On Making Muslim Democracies:
As a philosophy major at the Jesuit University of Detroit (1946-49, I was astonished to see a side of Maritain than none of my Jesuit professors alluded to in the least. Their Thomism was distinctly totalitarian!
Indeed when my essay, "Needed: More Red-blooded American Catholics" ,(i.e.who acted more like Communists on social issues such as racism and anti-Semitism), I was sneered at by my professors(except for sociologist John Coogan,S.J.), even though it won the Midwest Jesuit Province contest in 1949. At graduate school in Cleveland, the Chancery badgered the Newman Club chaplain, Paul Hallinan, for the crypto-Marxist editorials I wrote for the Newman weekly.
When confronted by the ecclesiatical brass, especially ultraconservative John Krol who soon became the backward looking Cardinal Archbishop of Philadelphia, my hometown when I joined the Penn faculty in American Studies in 1957. Hallinan told the skittery brass: "It's a university, gentleman: we're seeking the truth!"

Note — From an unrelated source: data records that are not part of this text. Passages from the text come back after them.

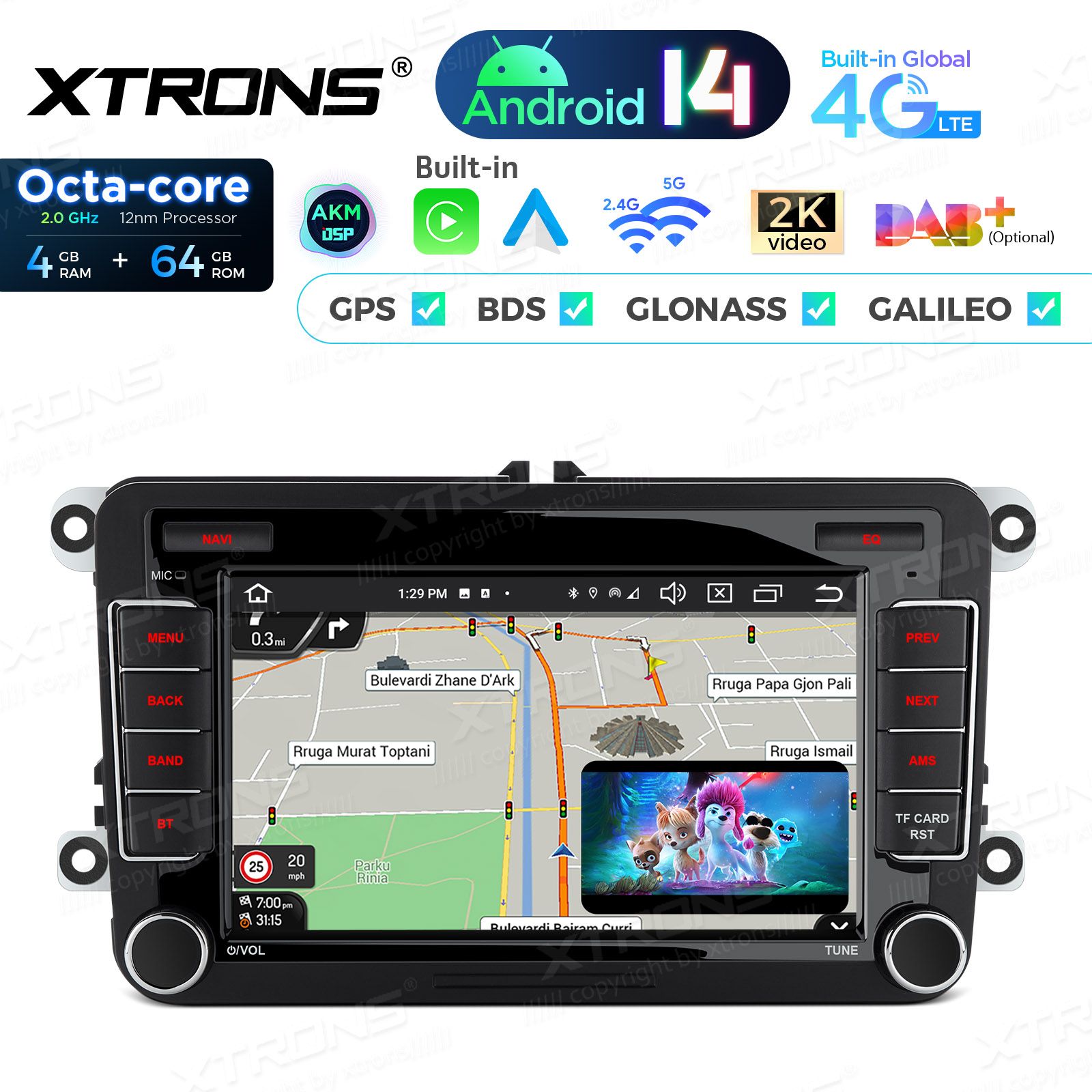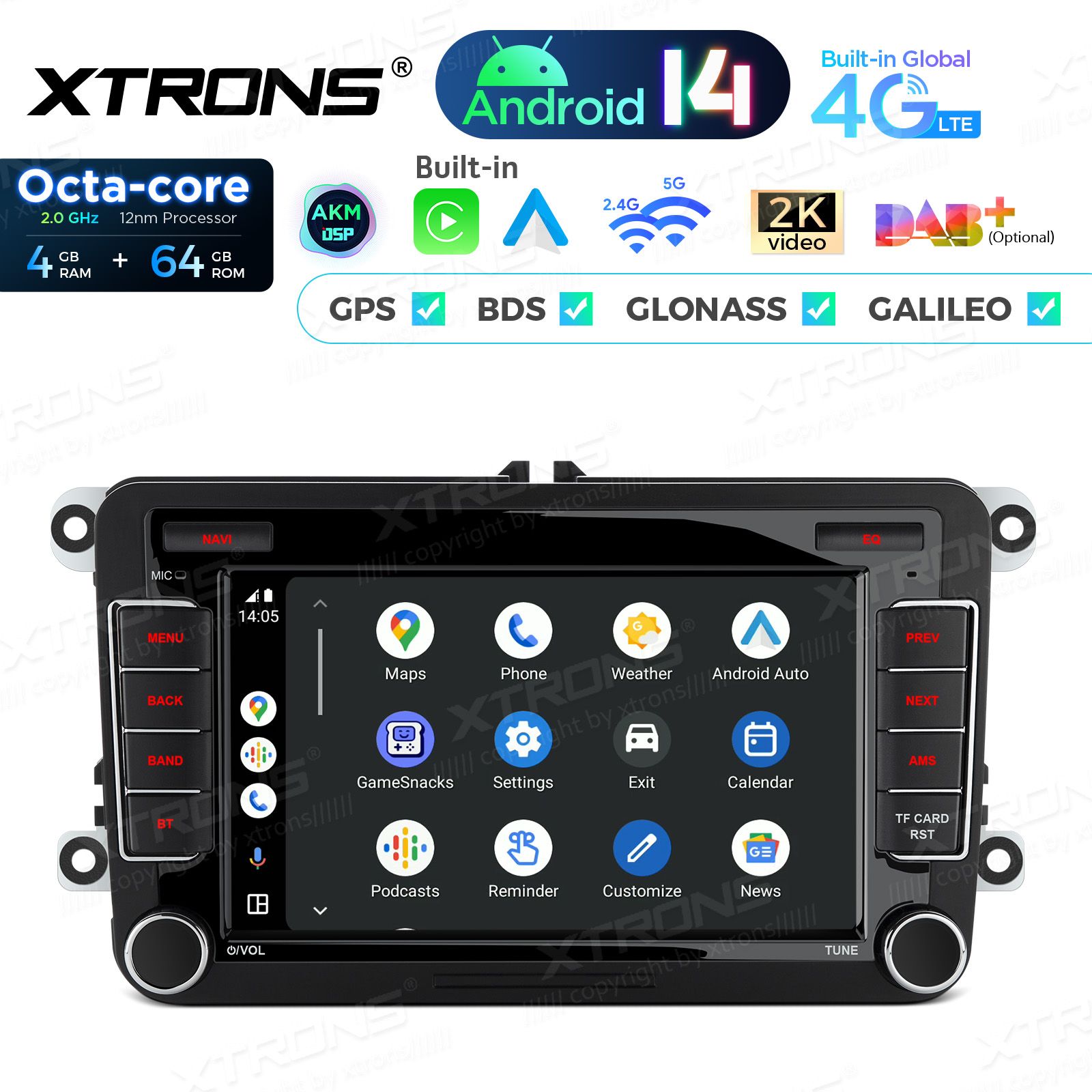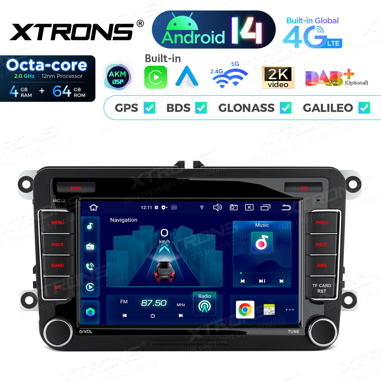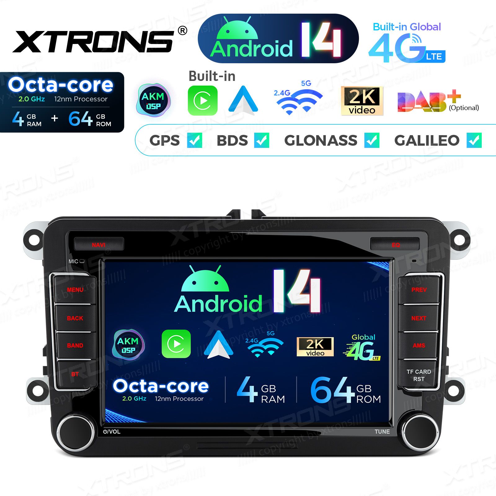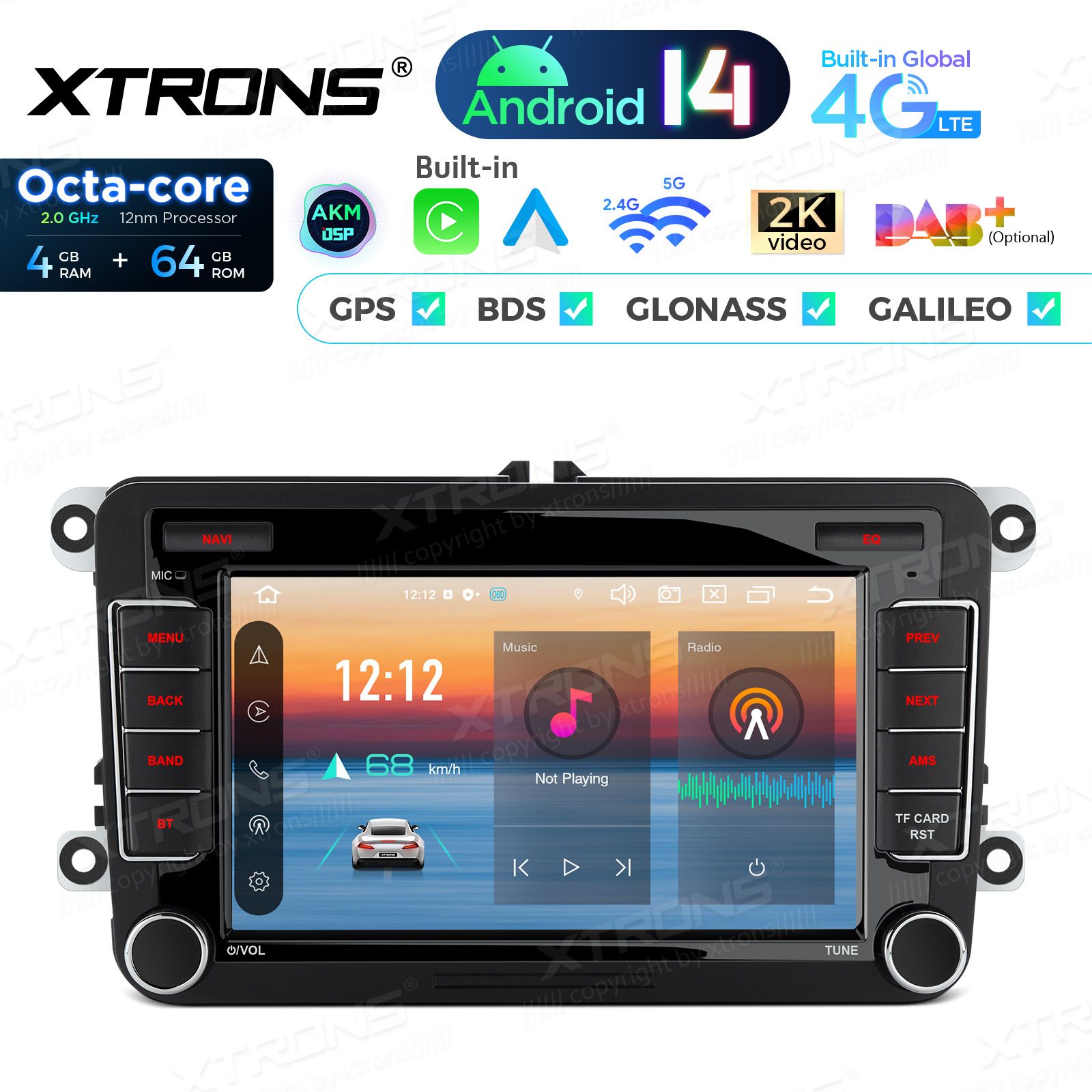 7 inch Octa Core 4+64GB Android 14 Car Stereo Multimedia Player Custom Fit for Volkswagen / SEAT / SKODA Global 4G LTE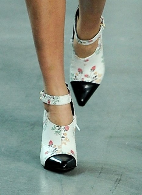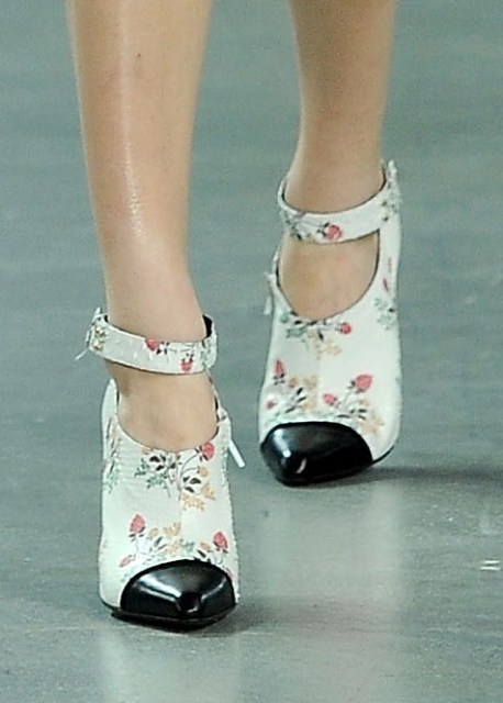 Ummm...those floral mary janes with the patent tip? Goddamn, I might have to jump on a pole for those. See that white print dress with the red collar? This is what Victoria Beckham wants to be, you know?
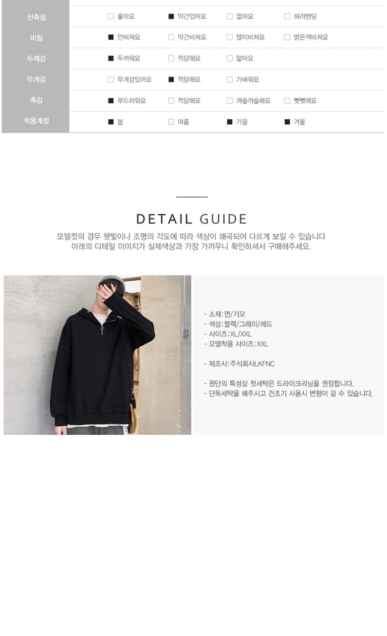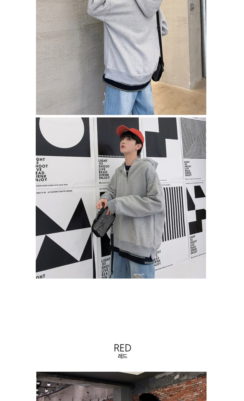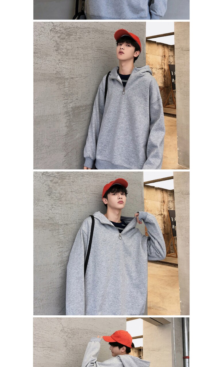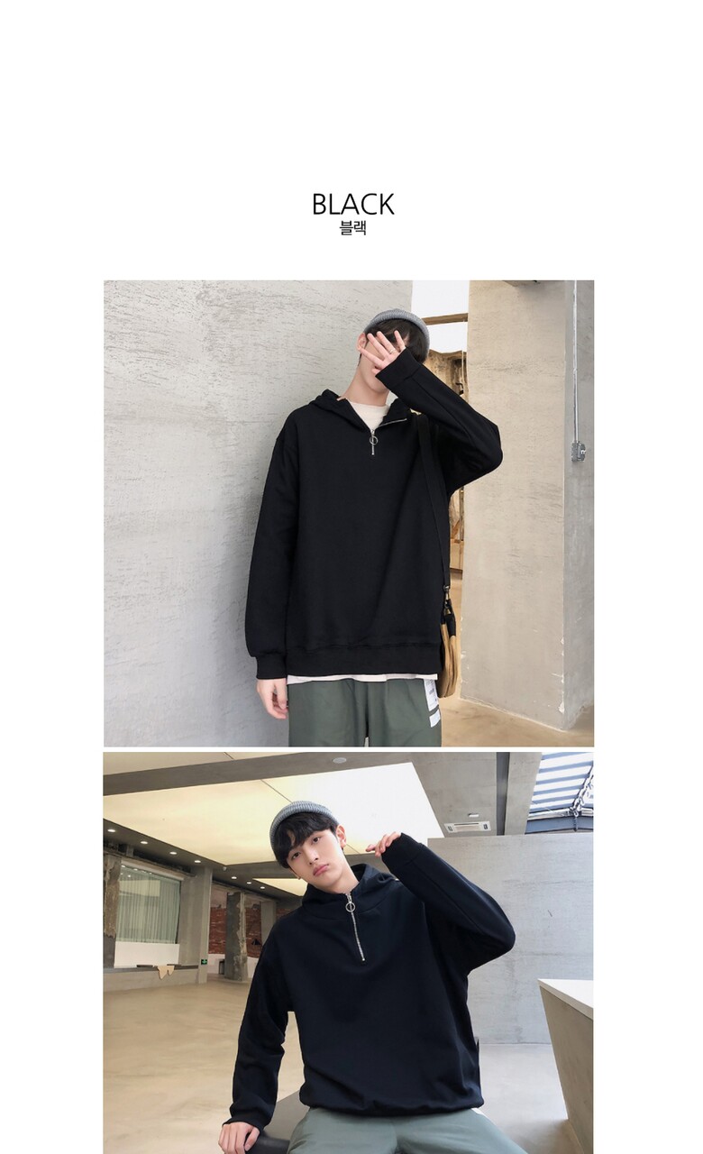 남성 후드티 반집업 긴팔 티셔츠 가을 겨울 기모 맨투맨 셔츠 남녀공용 커플티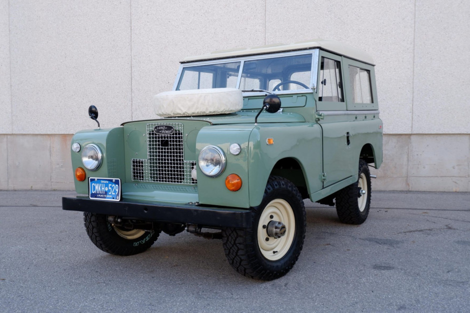 This 1969 Land Rover 88 is a left-hand-drive Series IIA ‘Bugeye’ export model that was initially delivered to Canada and was purchased by the seller in 2019. The truck has since undergone a cosmetic and mechanical refurbishment, with work said to have included rust remediation, repainting the exterior in green, refinishing the frame, an interior refresh, servicing of the 2.25 inline-four, and updates to the braking and suspension systems. Power is transferred through a four-speed manual transmission…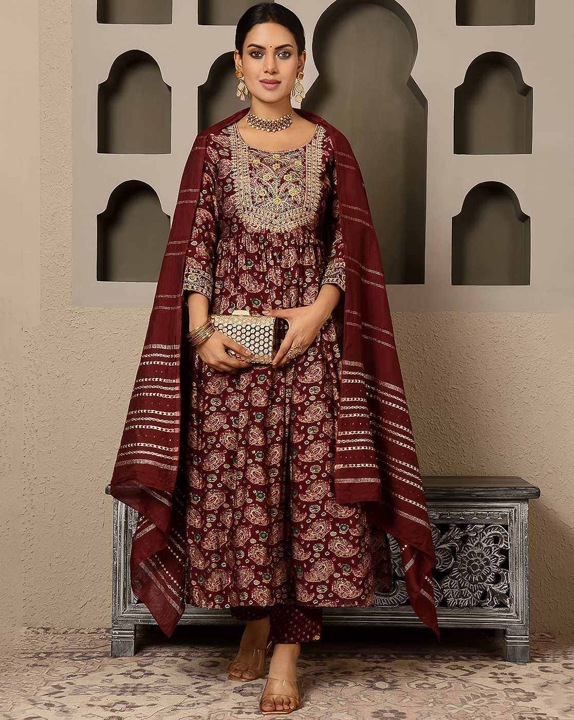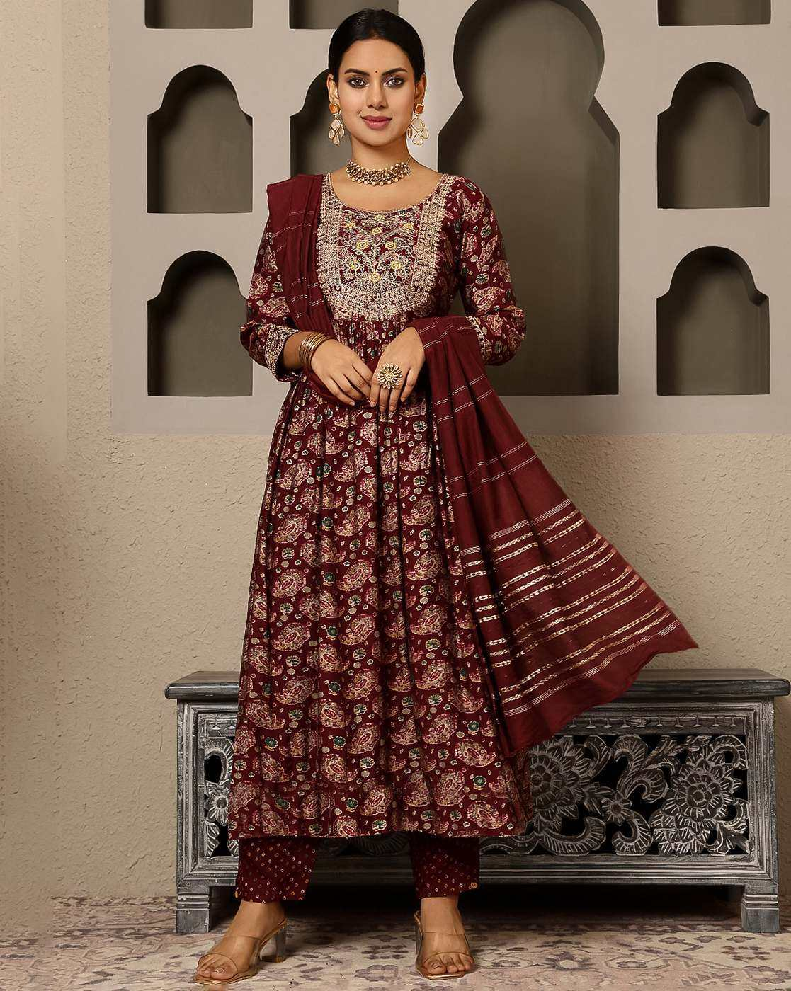 This Printed Rayon Calf-Length Straight Kurta Suit Set offers comfort with elegant style. The set includes a kurta, pants, and matching dupatta for a complete look. This design blends rich prints with intricate details. Gentle rayon fabric makes it perfect for daily wear. People seeking a cotton embroidered kurta set Canada will appreciate the comfortable material and traditional patterns found in this suit set.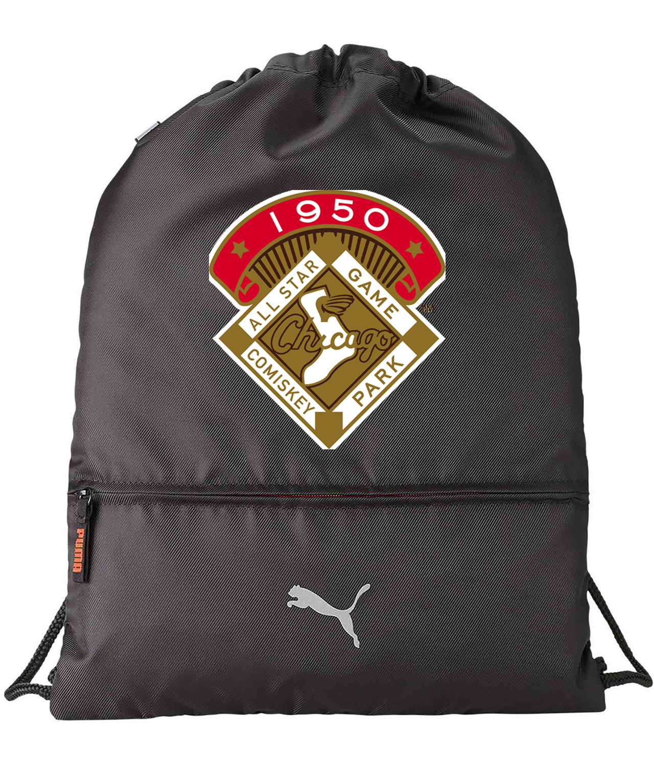 1950 MLB All-Star Game Comiskey Park Chicago Illinois Baseball Logo Symbol Emblem Customized Design on Lightweight Drawstring Backpack Bag

(He was like me, working on his Ph.D.,with a dissertation on the first liberal bishop of Cleveland.) Paul became the first Northern bishop of Charleston, S.C. since the Civil War, and finally the first Archbishop of Atlanta and an intimate of Martin Luther King, Jr.
This hooferay was complicated by my maternal uncle's being Aloysius M.Fitzpatrick, editor of the diocesan weekly. No socialist fighter he!